片刻之后,江辰意识到这件事不简单。
那名中年妇女说话中气十足,丝毫不带半点悲伤或者愤怒的情绪,反倒带着兴奋,完全不符合常理。
大半夜跑来求救,到现在也就四五个时辰的时间,开出的药方用于治疗风寒,不会对人体造成伤害。
而中年妇女却说那名男子吃了药之后吐血,随后昏迷不醒,这样的事不可能会发生。
医闹?
不,肯定是圈套!
要弄清其中的真相,关键在那名中年男子的身上,而且还和孙家有关系,不排除是联合起来故意设了一个局,目的是为了报仇。
“给我放开,有事说事,少在这里耍流氓。”
狠狠的推开中年妇女,孙晓霞担心江辰还会收到撕咬,张开双手挡在他的身前。
“臭丫头,说谁耍流氓?你看把我丈夫治成了什么样,还敢在这里耍横?”
顺势倒下,中年妇女毫不顾忌形象,在地上撒泼打滚,嘴里干嚎着:“各位父老乡亲过来看看,这大夫害得我丈夫生死未必还打人,欺负我一个弱女子......今天我的亲戚朋友来为我主持公道,还请各位父老乡亲做个见证,免得被说成我们是聚众闹事,谁不知道现在的不良大夫和上面的人勾搭成奸,小百姓哪里有说话的地方......”
有热闹的地方从来不会缺乏吃瓜群众,很快便有不少路过的行人围了上来。
拿着手机‘啪啪啪’的一阵乱拍,随即上传到各种社交媒体上,配上些夸张的标题和文字博眼球。
“这位大姐,你确定你丈夫是吃了我开的药才会那样?”
拍拍孙晓霞的肩膀,江辰示意她站到身后,免得万一对方来的人中隐藏着高手被误伤。
“药方是你开的,药是我抓的,也是我熬的,难不成我还会害我的丈夫不成?不是你还有谁?”
“那可说不定,古代为姓潘的不是没做过,现在模仿她的毒男毒女又不是没有,江辰医术怎么样,你去打听打听就没有他治不好的病,这事儿肯定和他没关系,指不定是祸起萧墙在这贼喊捉贼。”
动作太做作,表情太夸张,演技太差劲,孙晓霞都看得出来有问题。
“你什么意思?各位看看,这小妮子就是在将我往死里逼。”
指着孙晓霞的手指不断抖着,中年妇女又开始哭爹喊娘的干嚎起来。
“别嚎了,你说用的是我开的药方,那把熬剩的药渣给我瞧瞧。”
眉头紧锁,江辰决定从药材入手。
“好,现在我就让人去取,让你无话可说。”
“顺便让人将你丈夫带过来,也让我看一眼是什么情况。”
“还让你看一眼?昨晚哪里看了一眼说是风寒,开了不知道什么破方子,害得我丈夫除了喘气和死人没什么两样,再让你看一眼恐怕连真会成为死人。”
躺在地上的妇女衣服上沾满了灰尘,翻着白仁对看着身后的人,露出一副伤心欲绝的表情,说道:“你们当中不管是亲戚还是朋友,都是我最信任的人,现在我的丈夫十有八九是救不活了,都拜这狗贼所赐,现在他苦苦相逼,我先走了。

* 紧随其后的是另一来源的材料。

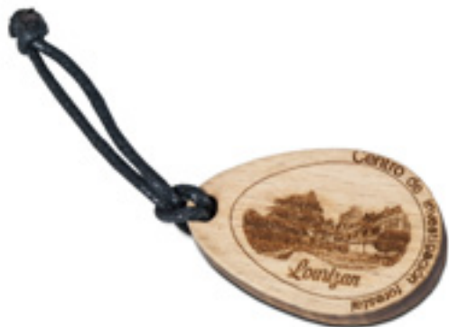
Imaxe 63: Peza de madeira de cedeira elaborada e gravada con láser por Ekipaje Personal na que se representa o pazo do Centro Forestal de Lourizán.
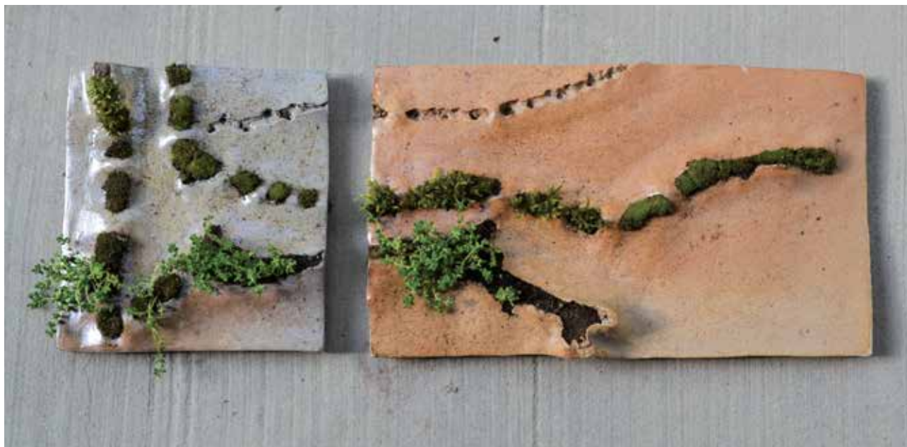
FÜRÓ Bernadett: Semmi-minden I–II. | Bernadett FÜRÓ: Nothing–Everything I–II | 2018, kerámia, mázazott, moha, 20x18 cm és 20x34 cm
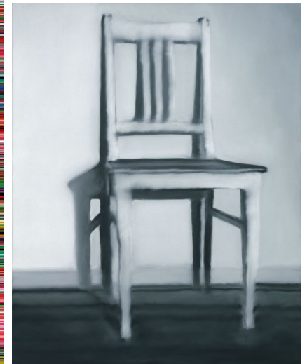
'Küchenstuhl', 1965. © Kunsthalle Recklinghausen

Richter is gefascineerd door perceptie en trekt zich van de tegenstelling tussen figuratief en abstract niets aan

”
言毕,跪起身来狠狠的用头撞击地面。
“使不得,小姑,公道还未讨回来,你就这样死了值得吗?”
身手矫捷的孙磊冲出人群,一把抓住中年妇女。
有两下子,可惜流于表面。
吃定中年妇女是在做戏,江辰无动于衷,静静的看着她和孙磊,面无表情的说道:“请继续你的表演。”
“麻木不仁,这样的家伙不配活在世上。”
“害得别人家破人亡还在那里冷嘲热讽,真不知道你的新是怎么长的,做出这等龌龊之事还觉得光荣?不以为耻反以为荣,呸!”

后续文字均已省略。